‘We deliver’: How CSL shares jumped 367 per cent under this CEO’s reign
“Patience is always a good idea,” he said.
Perreault will step down from his post as chief executive of one of Australia’s largest companies in March, after leading the business through a decade which included a pandemic, multibillion-dollar acquisitions and global expansion. When he stepped into the role in July 2013, CSL shares were trading about $65.50. At the end of last week, they closed above $304.
He says landing a CEO role was never on his career bucket list, but over the past decade, he’s made decisions which have reshaped the direction of the $145.6 billion company.
‘I didn’t become CEO in a blink of an eye.
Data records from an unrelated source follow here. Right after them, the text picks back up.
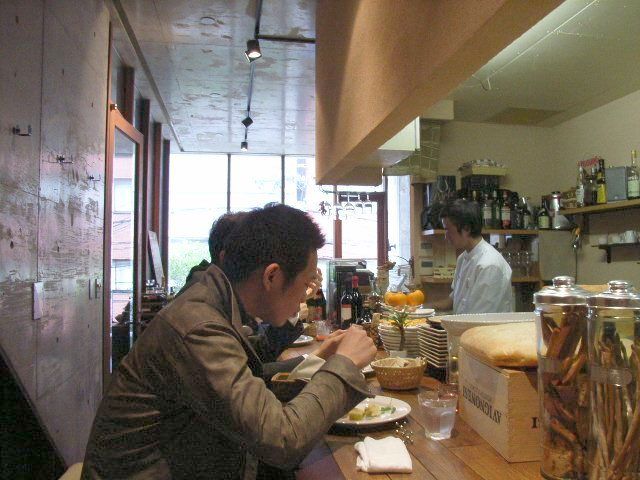 店内はこんな感じ.コンクリート打ちっぱなしの壁のわりに,それほど冷たい印象を受けないのは要所要所に木を使っているためか.カウンターだけを見ると,食器や食材が適度に雑然と並べられていて温かみを感じるくらいだ.
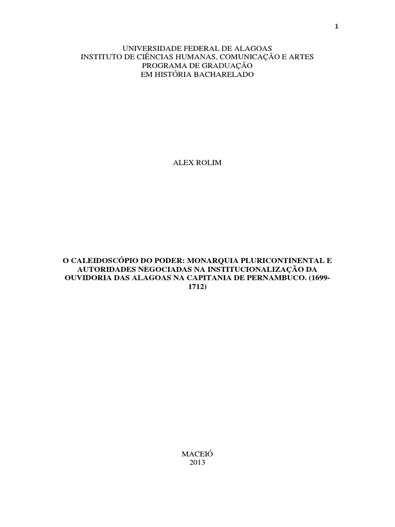 ROLIM, Alex. “Caos administrativo e atuação eclesiástica. Vila das Alagoas (c. 1770)”.
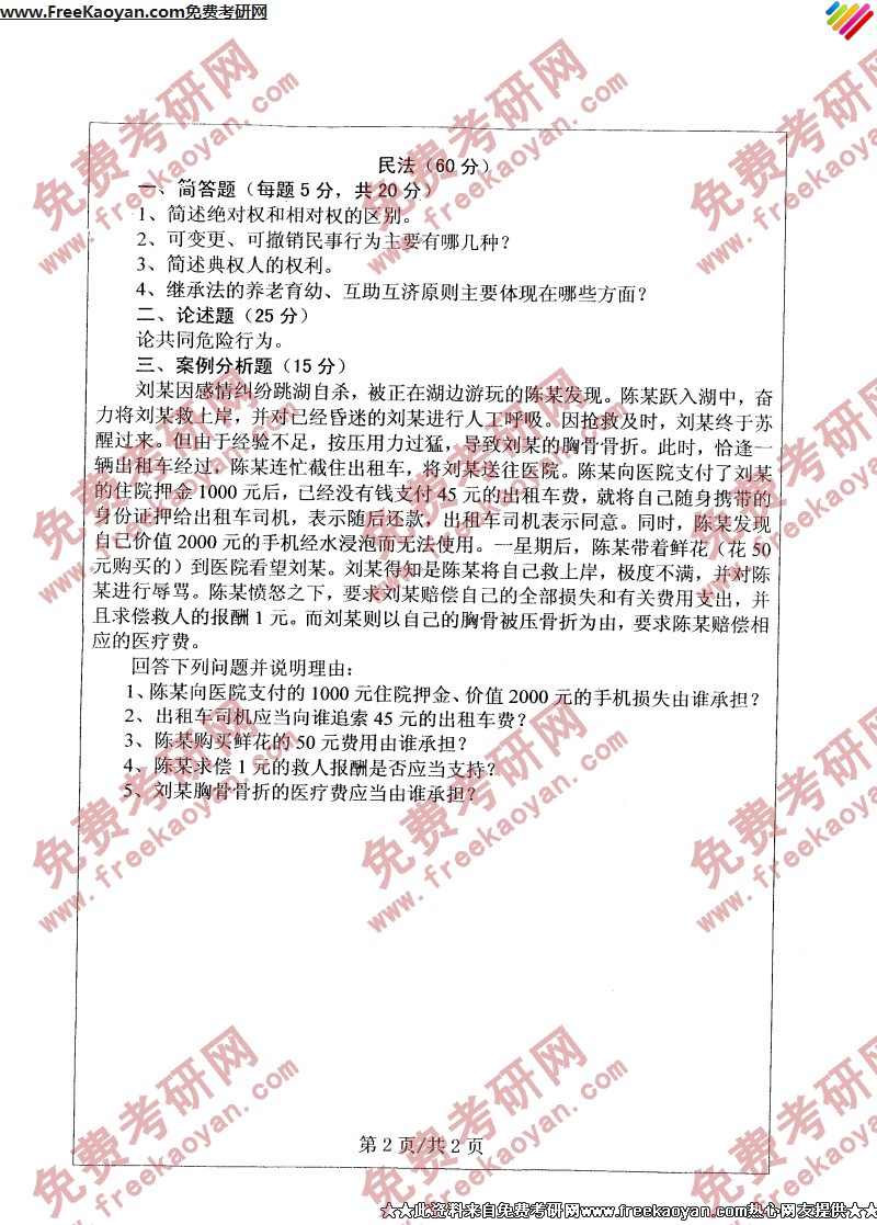 相关话题/考研真题 浙江工业大学 专业基础 法学
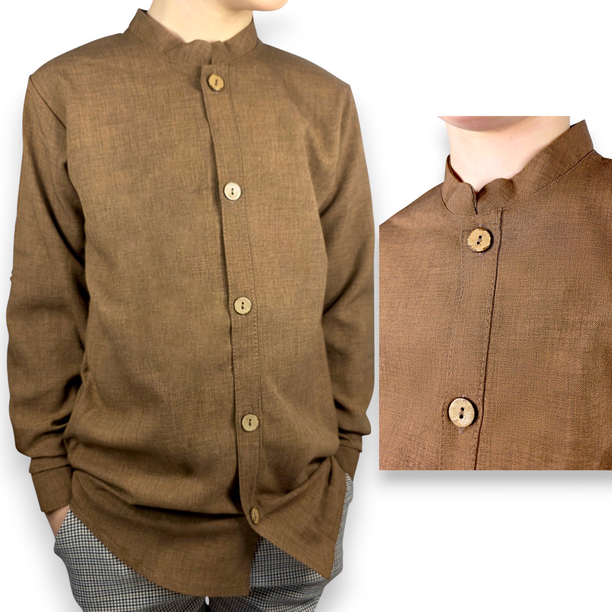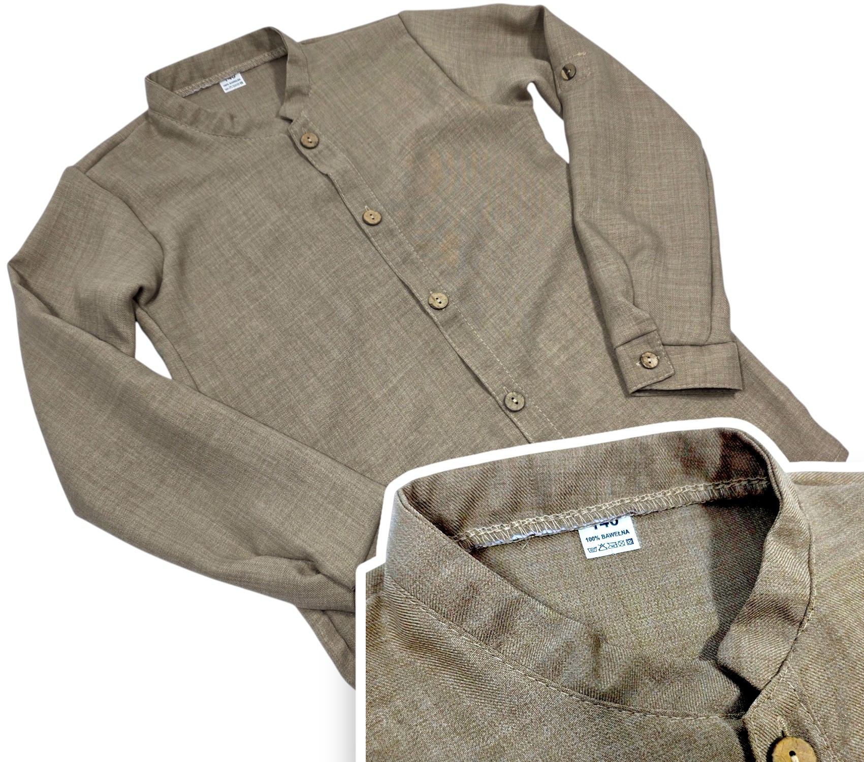 KOSZULA CHŁOPIĘCA stójka brązowa 100% BAWEŁNA Produkt Polski
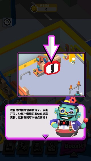 现在是时候打宝和发货了,点击开关,让那个懒惰的家伙来运送货物,这样我们就可以快点赚钱啦!
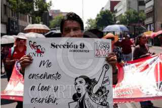 CIUDAD DE MÉXICO, 20MAYO2025.- Docentes que integran la sección 9 de la Coordinadora Nacional de Trabajadores de la Educación (CNTE) continuaron con su jornada de lucha en la capital, marcharon desde el metro Chabacano hasta la estatua del Caballito para exigir al gobierno de la presidenta Claudia Sheinbaum que cumpla con el pliego petitorio en donde se exige: la abrogación de la Ley del ISSSTE 2007 y de la Reforma Educativa; eliminación del régimen de excepción laboral; desaparición de la UMA y cuentas individuales; aumento salarial de 100 por ciento directo y Homologación de las prestaciones, por mencionar algunas. FOTO: GALO CAÑAS/CUARTOSCURO.COM
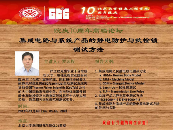 【海角社区 院庆十周年系列讲座】罗达权经理:集成电路与系统产品的静电防护与抗栓锁测试方法

Patience is always a good idea.’
Paul Perreault, CSL chief executive
This includes overseeing the purchase of the Novartis influenza vaccine business in 2015 for $US275 million ($397 million), which helped transform the company’s vaccines business, CSL Seqirus, into a company generating $2 billion in revenue a year.
He was also at the wheel throughout COVID-19, including overseeing CSL’s involvement in the University of Queensland’s vaccine project, which was ultimately shelved when it was shown the product caused trial participants to return false positives on some HIV tests, and the manufacture of AstraZeneca’s vaccine for the Australian population.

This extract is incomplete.